SA youth lead unsafe revolution against HIV
Lungi Langa
5 August 2010
A Times article recently revealed important information about the significant strides made in halting the spread of HIV. And, this appears to be a revolution led by the youth.
According to the article the Joint United Nations Programme on HIV/AIDS (UNAIDS) released information that the rate at which HIV is spreading among youth aged 16 and 25 rapidly decreased in countries worst affected by HIV. Most of the countries managed to reduce infection by 25%.
“Young people have shown that they can be agents of change in the prevention revolution,” the report said.
Botswana, Ivory Coast, Ethiopia, Kenya, Malawi, Namibia and Zimbabwe reached the Millennium Development Goal to reduce the HIV prevalence among youth aged 15 to 24 by 25%. Burundi, Lesotho, Swaziland, the Bahamas and Haiti were tipped to achieve the goal fairly soon.
Some of the key drivers to reaching the declines were changes in sexual behaviour, delay in sexual debut and partner reduction. Safer sex also played a significant role, with 10 countries reporting increased condom use among women, 13 countries reporting increased condom use among men and a further three reporting increased use among both sexes.
However, the report also reminds us that there are still 33.4 million people living with the disease and up to 5.7 million of those infected live in South Africa.
Reader comments on the article, however made me question what kind of revolution the youth were really leading against HIV.
Many of the comments made HIV an issue of race and a matter of cultural identity as posters entirely overlooked the cross-cultural aspects of the disease. They seemed to believe firmly that only a certain race could be infected with HIV and ignored the reality that although the epidemic is more comment in certain socio-economic settings it remains colour-blind.
As a young South African who has seen people of every race infected and affected by the disease I find such thinking puzzling. I still cannot understand what could push young South Africans who have virtually unrestrained access to information to hold on so feverishly to such thinking.
One poster even hailed the thinking of former president Thabo Mbeki and argued: “rolling out anti-retroviral toxic” would only make matters worse. Another reader commented that in his research he had “discovered [that] in fact garlic, lemon and olives do actually kill the virus”. He then referred readers to a various dubious websites that “proved” the credibility of this information.

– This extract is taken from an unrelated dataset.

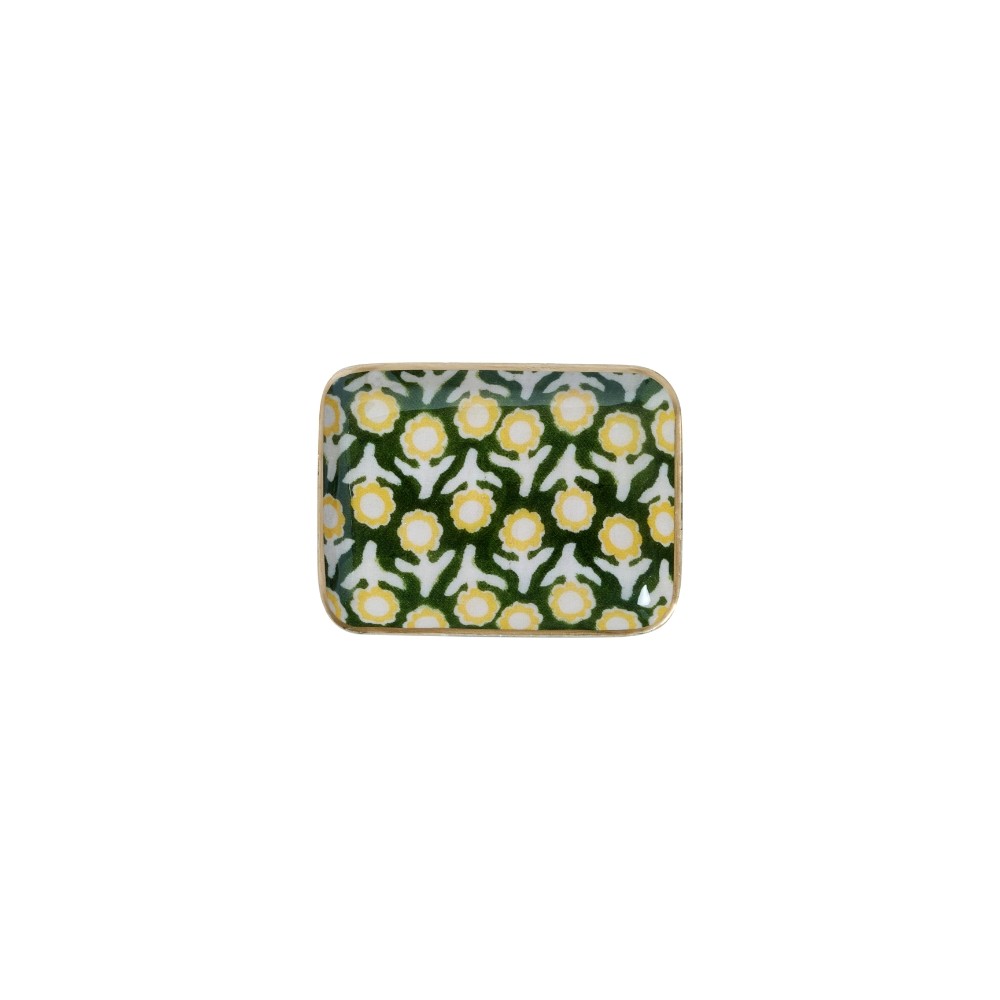 Bandejas diseñadas en metal esmaltado con un borde dorado a mano. Es una pieza única, moldeada por las manos de artesanos indios, lo que le confiere irregularidades.
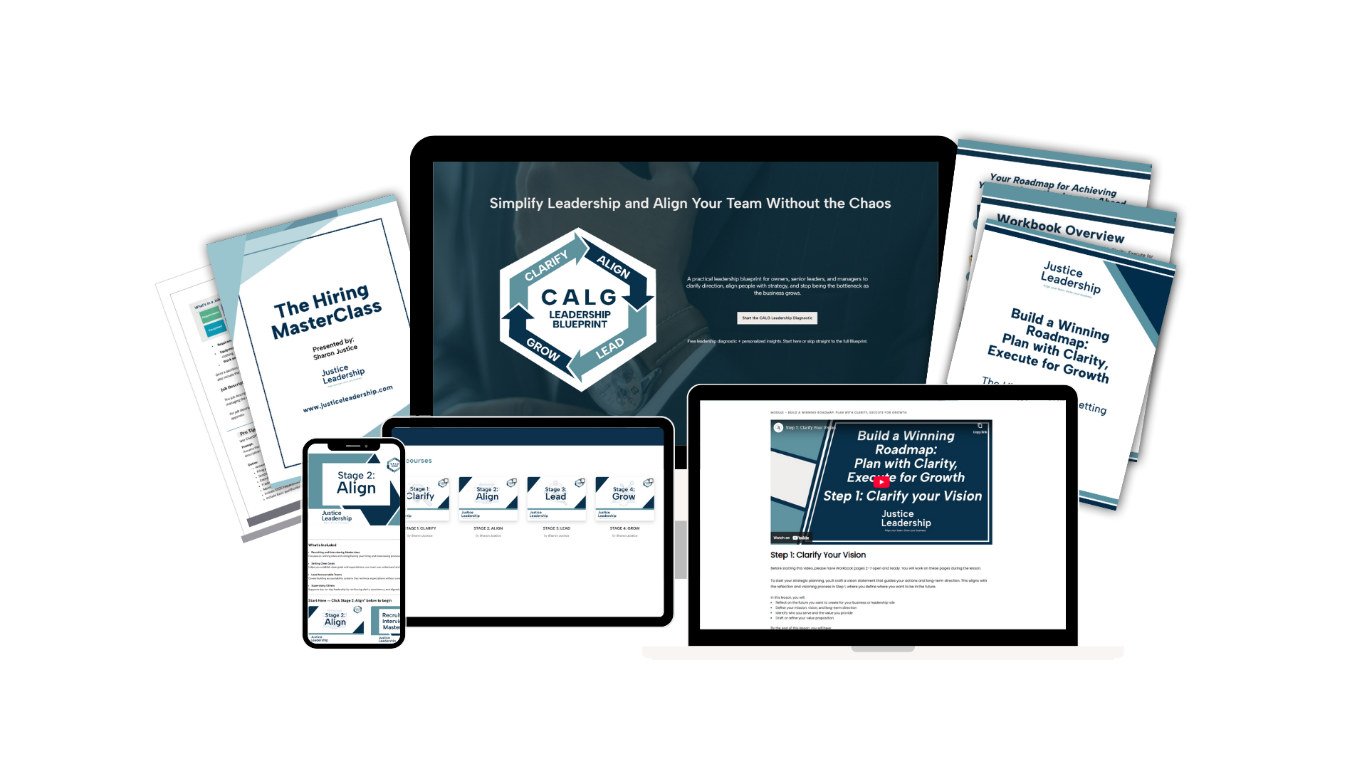 It’s a structured leadership framework built by Justice Leadership Group. The Blueprint helps owners/managers Clarify direction, Align their team, Lead consistently, and Grow sustainably.

Some of these are the oldest myths around about HIV. Most of them I’ve heard as a teenager growing up. It is sad that years after I have seen those myths demystified there is still a group of people who are being held hostage by the same thinking.
I cannot help but draw the conclusion that these few people partly demonstrate why South Africa continues to lag behind in reducing HIV infections.
When someone drew me a web of the sexual partners that he and friends were implicated in over a few months I nearly fell off my chair in shock. I could not believe the sheer size of that web – how many people had had some kind of sexual contact with each other even tough many had never met.
To me my friend was just one person, but if he was HIV positive at the time (he was having unprotected intercourse with some of the people in that web) then he would have infected some and they would in turn have infected others.
Another thing that became clear was that those who posted the comments were no longer concerned with the issue at hand – the growing AIDS pandemic claiming lives but they were more concerned with a bashing of personalities. They aimed to outsmart each other with every comment – often doing quite the opposite though.
Maybe that is the norm for posting comments in response to stories, but I think it fuels terrible myths and could be detrimental to reducing HIV infections. It would be misleading to create the idea that this select group of youth reflect the views of all the youth of South Africa.
However, it would be most unfortunate to not address this group of youth who clearly have a powerful medium to spread their dissident views about HIV.
Lungi Langa is a fellow with the HIV/AIDS and the Media Project.